● **PROBLEM TO WORK ON**
Repeat the data word for word. Do not include the pictures.

● **THE DATA**

+ + + +

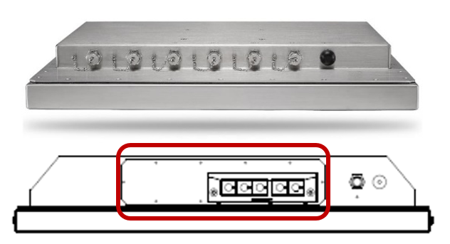 Fig 2. The WTP series is used M12 metal connector for various I.O. ports, such as USB, COM, and LAN. Now it provides optional waterproof cable glands sets to fulfill extremely rugged function requirement.
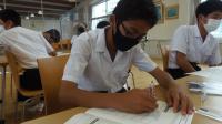 ↓ 中学生は、5・6時間目に秋吉先生を講師に迎え、就職ガイダンスを実施しました。
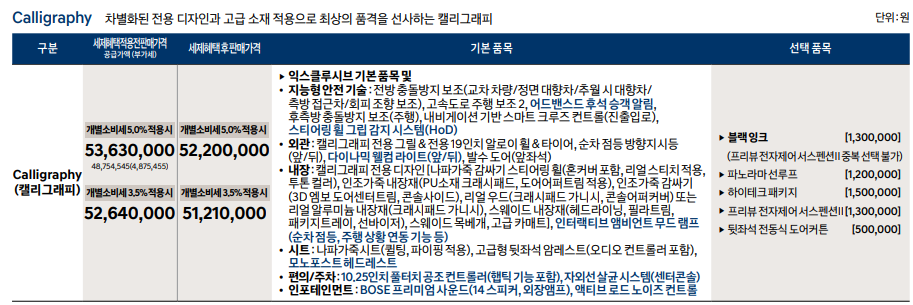 그랜져 하이브리드 캘리그래피 모델 가격은 5363만원에
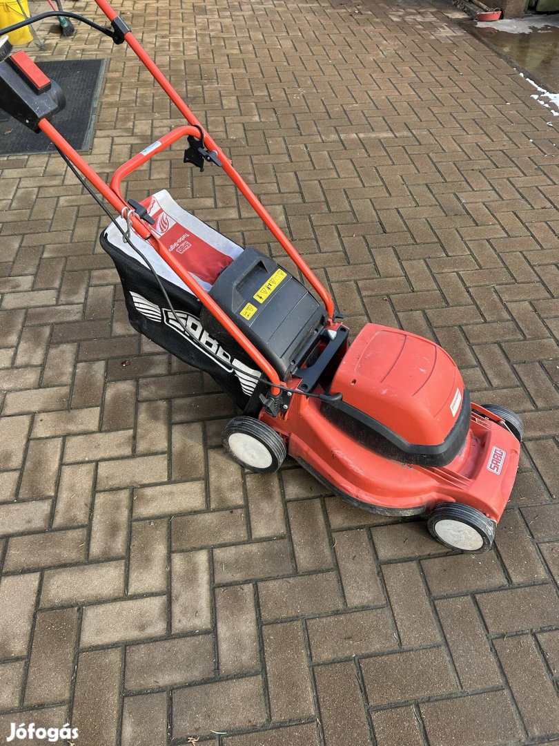 Eladó használt jó állapotú felső kategóriás elektromos fűnyíró. Egy gombnyomással magasság állítás.

+ + + +

● **FINAL ANSWER**
 Fig 2. The WTP series is used M12 metal connector for various I.O. ports, such as USB, COM, and LAN. Now it provides optional waterproof cable glands sets to fulfill extremely rugged function requirement.
 ↓ 中学生は、5・6時間目に秋吉先生を講師に迎え、就職ガイダンスを実施しました。
 그랜져 하이브리드 캘리그래피 모델 가격은 5363만원에
 Eladó használt jó állapotú felső kategóriás elektromos fűnyíró. Egy gombnyomással magasság állítás.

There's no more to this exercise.